You don’t know me like I was. The me when I was corporate. It’s why I was always welcome and always rehired through my myriad proclivities. You never understood my value, and it’s why you wrongfully think I have no ambition. I am loyal. I am political to a fault. In that world, I only knew resilience and survival. I ate people I didn’t like or who I thought were unhelpful. I would sabotage your bungee cord and return your smile when you jumped. I’m much, much softer now. There are still teeth in my mouth and bile in my gut.
Letter to someone
It’s weird, all these things I curated to a greatness in my mid-teens have come around to be the defining characteristics in haute couture. You might know the story of how I went to undergraduate Tacoma with nothing but a box of ill-fitting sweaters, two pairs of size-44 Levis 501s (that I squeezed into so I wouldn’t have to buy a bigger pair), and 500 LPs ranging from Kiss to Depeche Mode to Iron Maiden to Nina Simone to Queen to Rocky Horror to Miles Davis to the Escape From New York Soundtrack. I didn’t even pack a turntable and wouldn’t have one for my first three months in school. I carried all of those albums into a future I had no idea what would bring; they were how I defined a pretty big part of myself. And in just 12 months, I would trade all of those albums at the Jelly’s on Pensacola for the promise of about 40 “permanent” compact discs.

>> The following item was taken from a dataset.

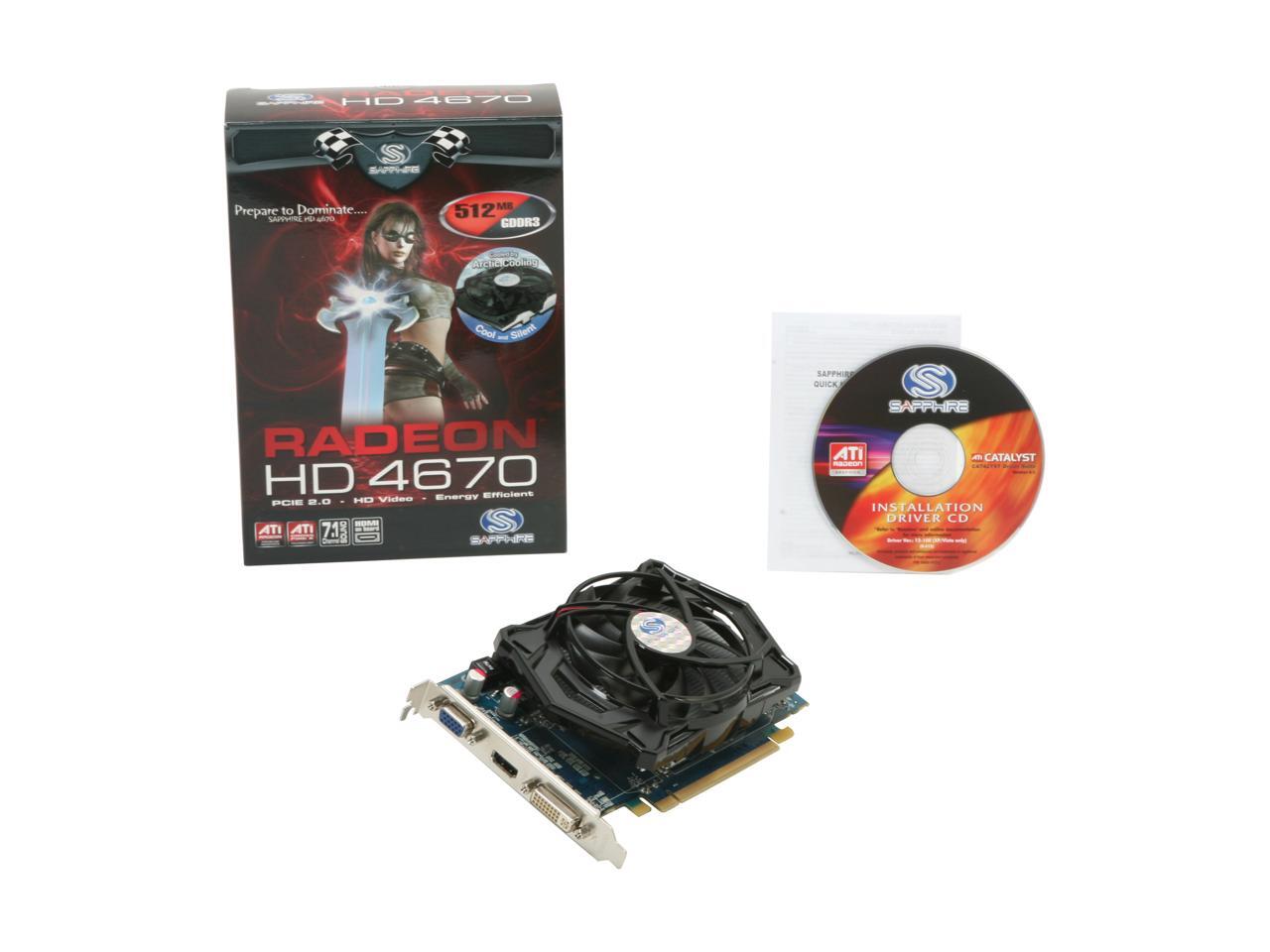 SAPPHIRE Radeon HD 4670 DirectX 10.1 100295HDMI 512MB 128-Bit GDDR3 PCI Express 2.0 x16 HDCP Ready CrossFireX Support Video Card

The lament I have for that moment is not financial. There are far greater “what—ifs” that would have resulted in far higher values lost or found. At best, those albums might fetch five figures if the collection remained intact, and mostly undamaged (highly unlikely). I lost more selling Apple stock too early (I still made a lot, not life-changing a lot). But that makes for a good story. This one always feels like a blow long lost could-have-been. Those albums were me. And I traded them all in for the illusion of a new permanence. I rebuilt that CD collection even larger, and the mp3 collection larger still. But I’ve never had something in my personal space like those discs.
The salt
This is how you fall when it’s inevitable. Falling when you stumble is so predictable. The shoestring. The inevitable. Falling when you know you’re falling.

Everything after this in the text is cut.